#### Task goal
Starting with the line that has "北汽男排将士聚在一起欣赏全队的3D打印玩偶 摄/法制晚报记者 张岩" and finishing with the line that has "Tous les documents", set down each line below exactly. Pictures are not copied.
*** Given entries Section Begins ***
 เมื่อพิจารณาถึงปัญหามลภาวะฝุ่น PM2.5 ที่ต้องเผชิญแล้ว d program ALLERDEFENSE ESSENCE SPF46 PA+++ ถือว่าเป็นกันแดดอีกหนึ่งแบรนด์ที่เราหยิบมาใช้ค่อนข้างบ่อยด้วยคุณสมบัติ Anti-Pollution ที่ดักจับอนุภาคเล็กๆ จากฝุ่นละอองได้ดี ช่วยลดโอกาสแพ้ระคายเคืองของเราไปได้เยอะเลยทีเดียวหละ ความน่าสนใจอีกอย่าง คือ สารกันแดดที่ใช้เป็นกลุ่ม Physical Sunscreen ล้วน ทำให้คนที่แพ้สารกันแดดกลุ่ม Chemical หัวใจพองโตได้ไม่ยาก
*** Given entries Section Ends ***
*** Given entries Section Begins ***
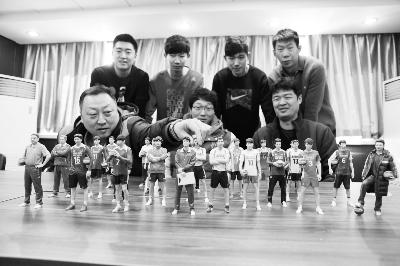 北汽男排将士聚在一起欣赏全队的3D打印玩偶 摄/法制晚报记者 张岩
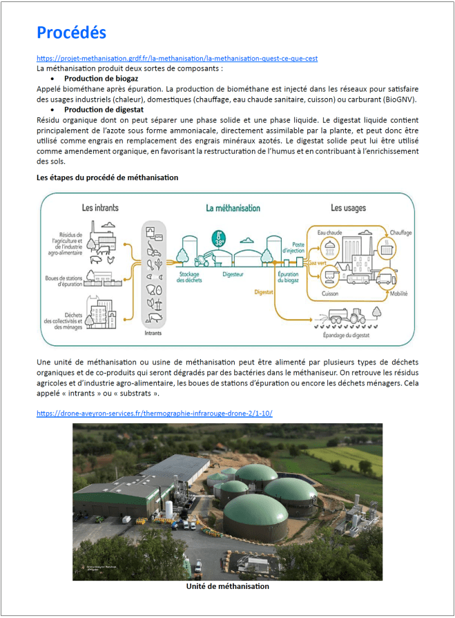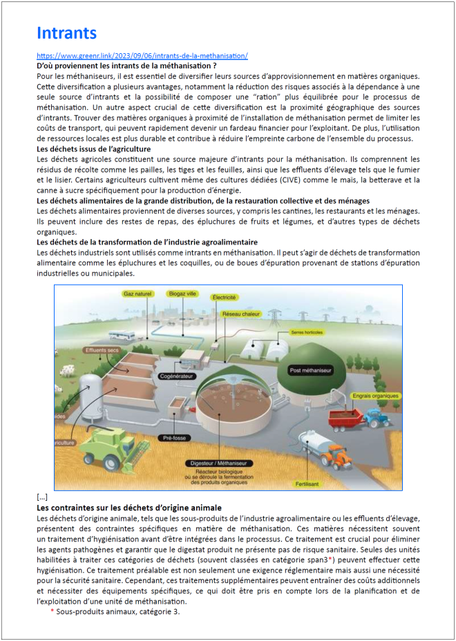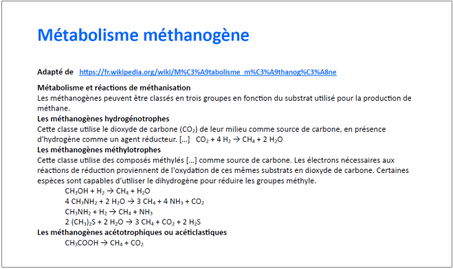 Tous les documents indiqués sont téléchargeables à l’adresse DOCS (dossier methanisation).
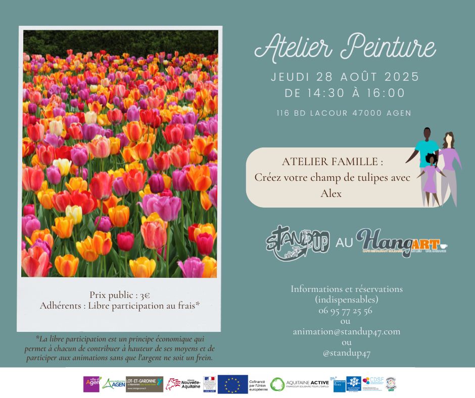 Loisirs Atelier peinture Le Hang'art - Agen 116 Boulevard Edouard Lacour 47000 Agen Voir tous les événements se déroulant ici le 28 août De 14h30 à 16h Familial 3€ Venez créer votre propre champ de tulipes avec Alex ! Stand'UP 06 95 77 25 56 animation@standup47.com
*** Given entries Section Ends ***
#### Solution below
 北汽男排将士聚在一起欣赏全队的3D打印玩偶 摄/法制晚报记者 张岩
 Tous les documents indiqués sont téléchargeables à l’adresse DOCS (dossier methanisation).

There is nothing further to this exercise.